Which facial muscle serves as the clinical indicator of adequate paralysis for intubation?

Explanation:
Assessing how deep a neuromuscular block is helps ensure safe intubation by watching for signs of paralysis in muscles involved in airway management. The orbicularis oculi, the muscle that closes the eyelids, is a particularly useful cue because its response to blockade is sensitive and easy to observe at the bedside. If the eyelid muscle shows no twitch or movement, it suggests a deeper level of blockade that typically corresponds to adequate relaxation of the airway muscles (laryngeal, pharyngeal, and related structures), making laryngoscopy easier and safer. The diaphragm reflects overall respiratory effort rather than airway instrument conditions, so its function doesn’t directly indicate intubating conditions. The adductor pollicis, monitored via the ulnar nerve, is a peripheral muscle used for train-of-four monitoring but doesn’t correlate as reliably with airway muscle relaxation as a facial muscle does. Masseter relaxation is important for jaw opening during intubation, but the question focuses on a facial muscle that provides a clear, visible clinical indicator, and the orbicularis oculi fits that role well.

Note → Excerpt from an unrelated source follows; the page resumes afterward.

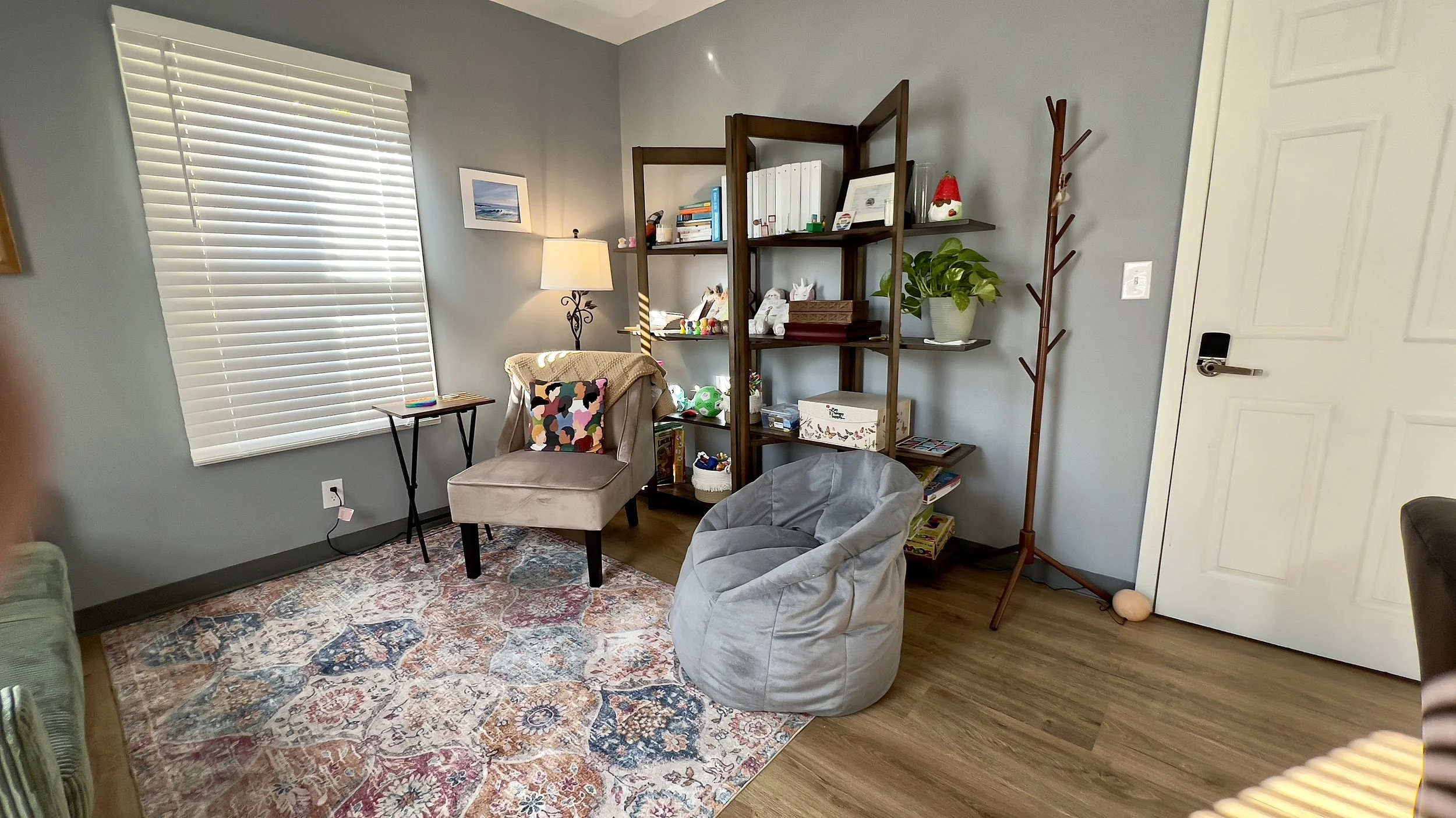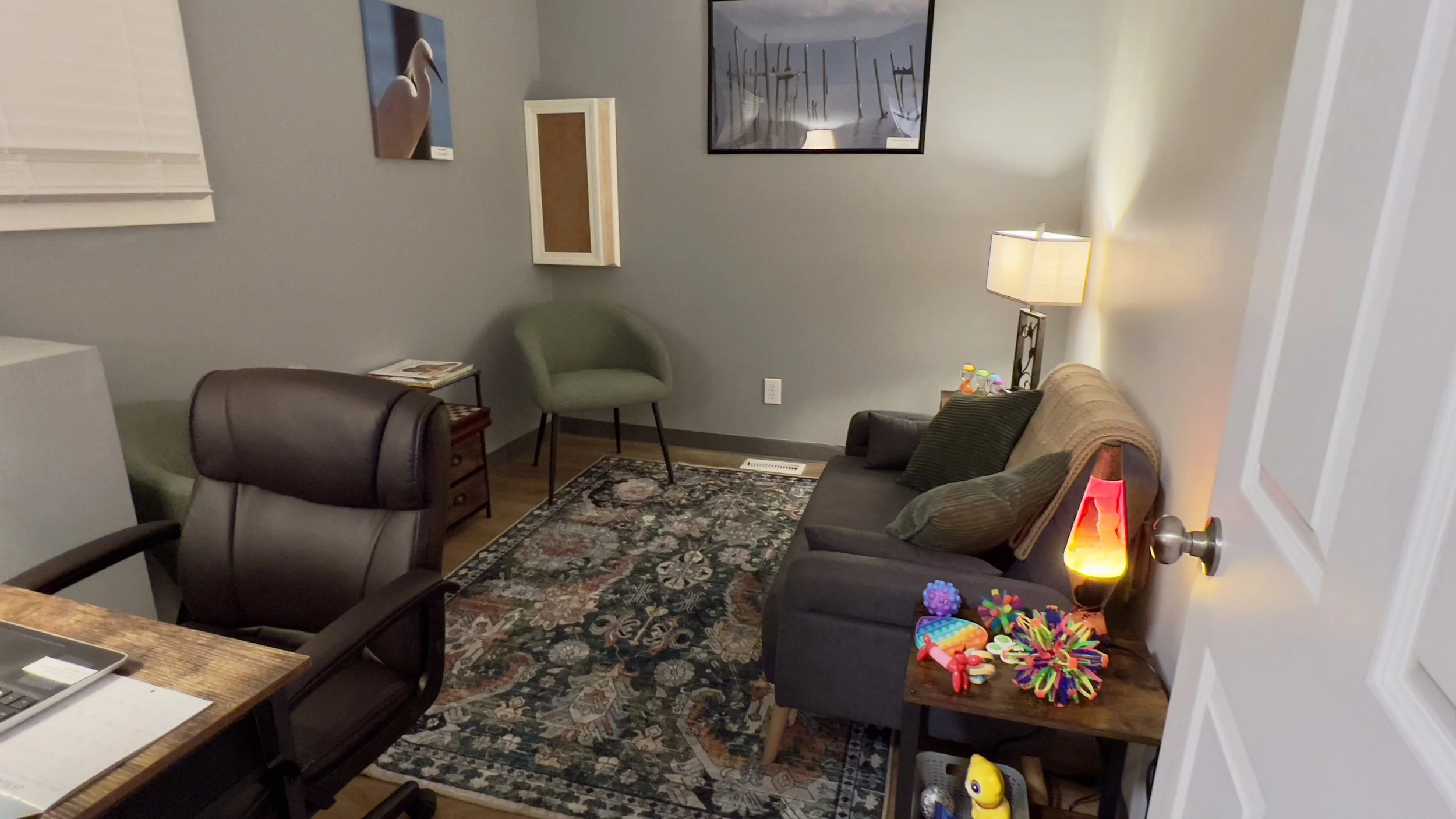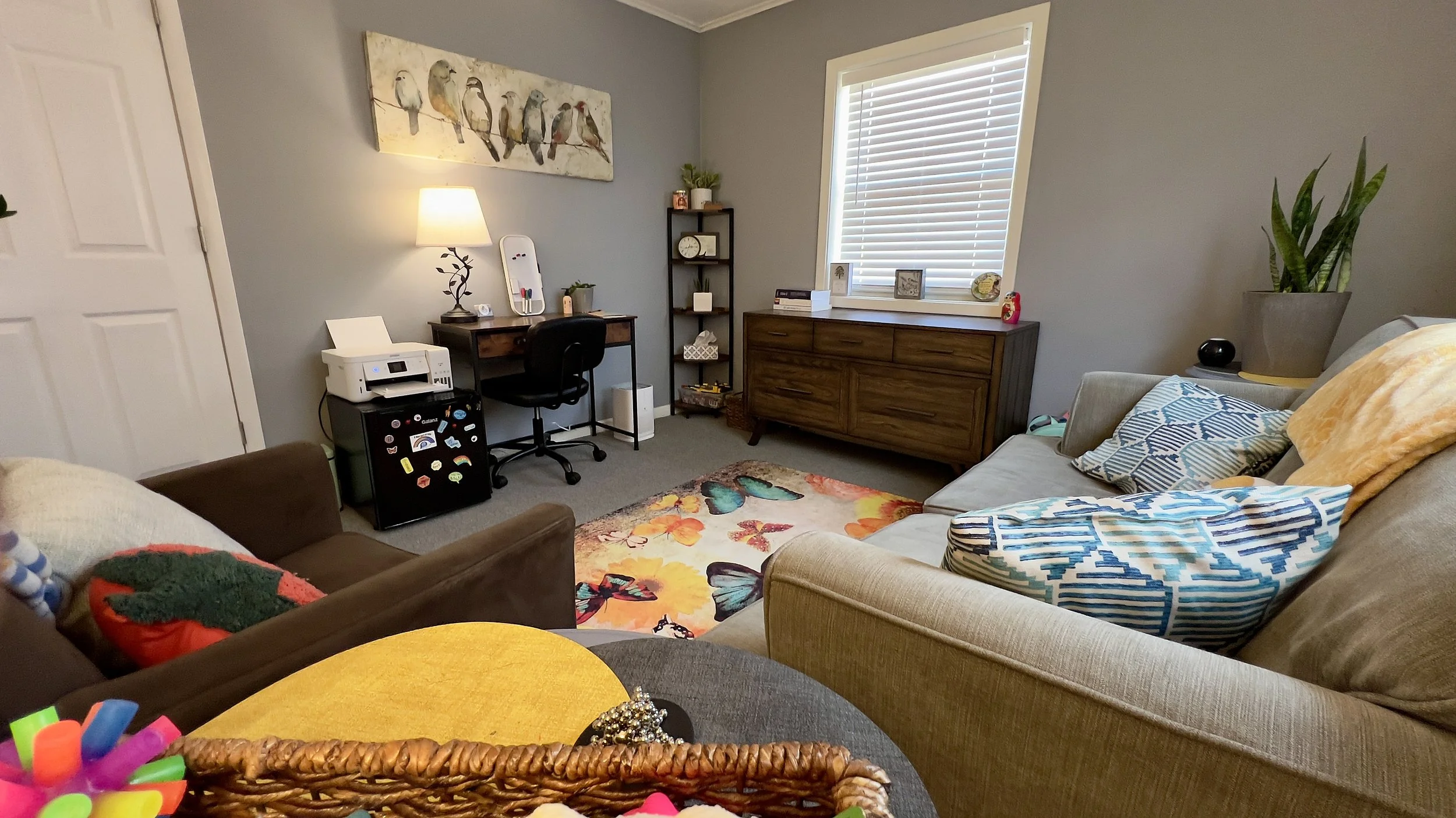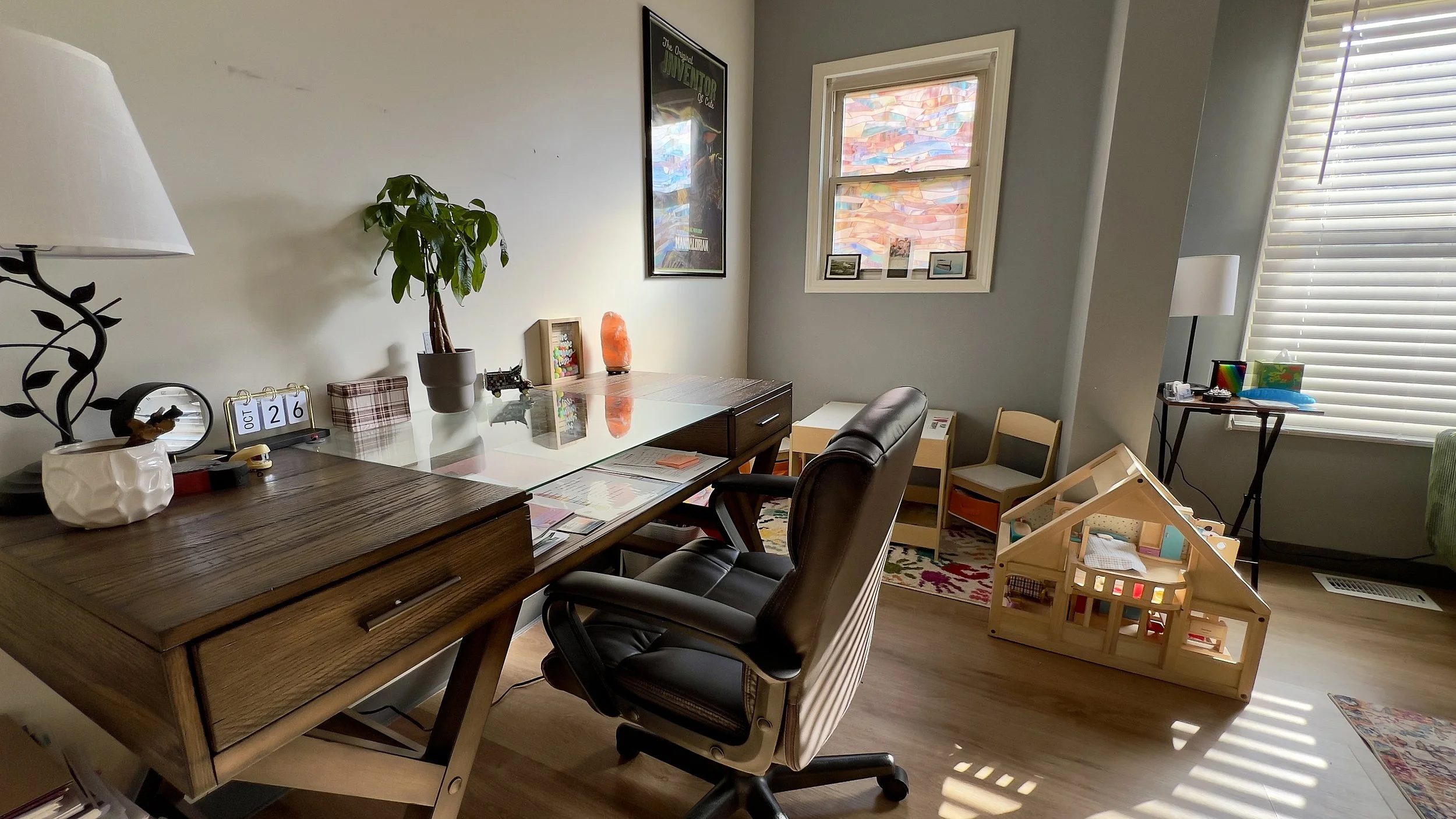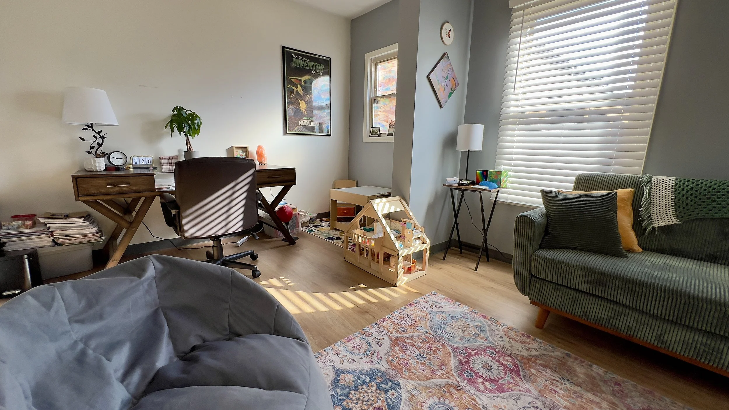 Office #1 is a bright and spacious room with plenty of natural light, creating a warm and inviting atmosphere. The comfortable furniture ensures a relaxing environment for our clients, while the thoughtful layout allows for easy movement and interaction. A dedicated play therapy area offers a creative space for children to explore and express themselves. This room is perfect for fostering connection, healing, and growth in a peaceful and supportive setting.

Assessing how deep a neuromuscular block is helps ensure safe intubation by watching for signs of paralysis in muscles involved in airway management. The orbicularis oculi, the muscle that closes the eyelids, is a particularly useful cue because its response to blockade is sensitive and easy to observe at the bedside. If the eyelid muscle shows no twitch or movement, it suggests a deeper level of blockade that typically corresponds to adequate relaxation of the airway muscles (laryngeal, pharyngeal, and related structures), making laryngoscopy easier and safer.

The diaphragm reflects overall respiratory effort rather than airway instrument conditions, so its function doesn’t directly indicate intubating conditions. The adductor pollicis, monitored via the ulnar nerve, is a peripheral muscle used for train-of-four monitoring but doesn’t correlate as reliably with airway muscle relaxation as a facial muscle does. Masseter relaxation is important for jaw opening during intubation, but the question focuses on a facial muscle that provides a clear, visible clinical indicator, and the orbicularis oculi fits that role well.